# Pensacola Beach Pier Sightfishing



## Garbo (Oct 2, 2007)

Anyone that lives close enough to go to the Pensacola Beach Pier should count it while counting their blessings. It is a wonderful place to spend some extra time and it is truly a blessing to have easyaccess to the type of water that is the norm there. 

I have spent a few morning and afternoon hours watching and waiting for Pompano to swim down the beach, and it is a gift to be able to have easy access to it if you do. The water is most commonly very clear and it is great for sightfishing most anything you care to fish for in season of course. 

Sightfishing is something many people on the forum completely understand, but if you don't or have never done it, you should try it, as it adds a huge value to your experience. More or less you stand on the pier at the water depth your target species is most likely to be in and wait until you see the fish you would like to catch before you cast to it and attempt to fool it into taking your lure or bait. You can watch the fish and it's response to your attempt to trick it into taking your offering and sometimes the fishwill take and sometimes it may not, but either way it is a great way to fish, and the reward of catching a fish you spotted and witnessed your ability to fool is extremely rewarding, and something that most fishermen fall in love with very quickly. 

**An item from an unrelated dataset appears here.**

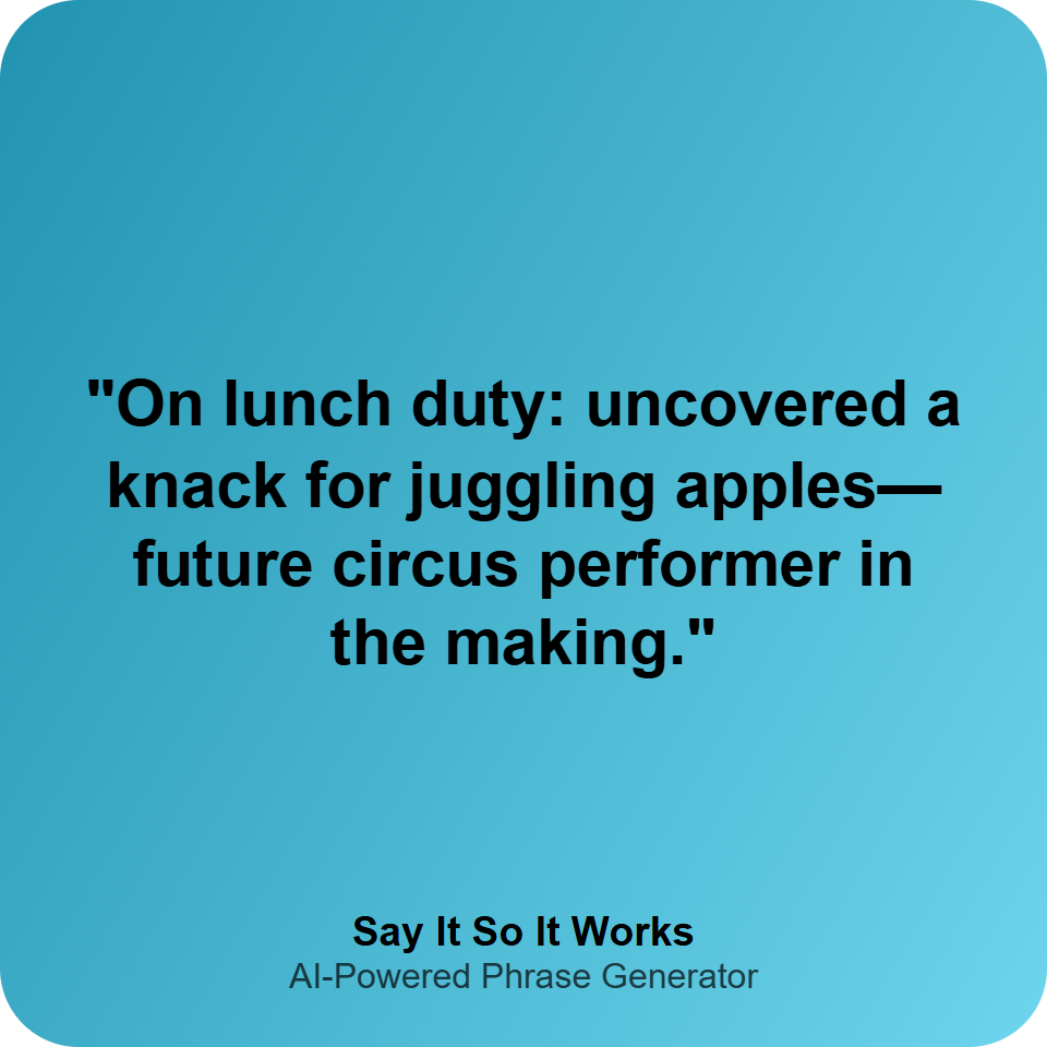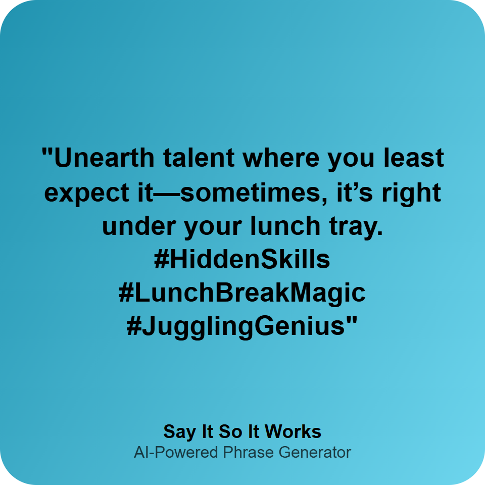 "Unearth talent where you least expect it—sometimes, it’s right under your lunch tray. #HiddenSkills #LunchBreakMagic #JugglingGenius"

There are alot of people that fish the Pensacola Beach Pier that have a great ability to see fish, and have alot of experience at fooling and catching them. These people are normally very helpful if watch them and learn from them.They are some of the most talented people I have ever fished with or around. But the pier is somewhat competitive as just as you are they are looking for fish too, and no different than you are trying to catch fish, sometimes the same fish as you, so understand the enviroment is a little different in *"you and everyone else is in the same boat"* more or less. With that understanding you will see that most will be very helpful and easy to meet. 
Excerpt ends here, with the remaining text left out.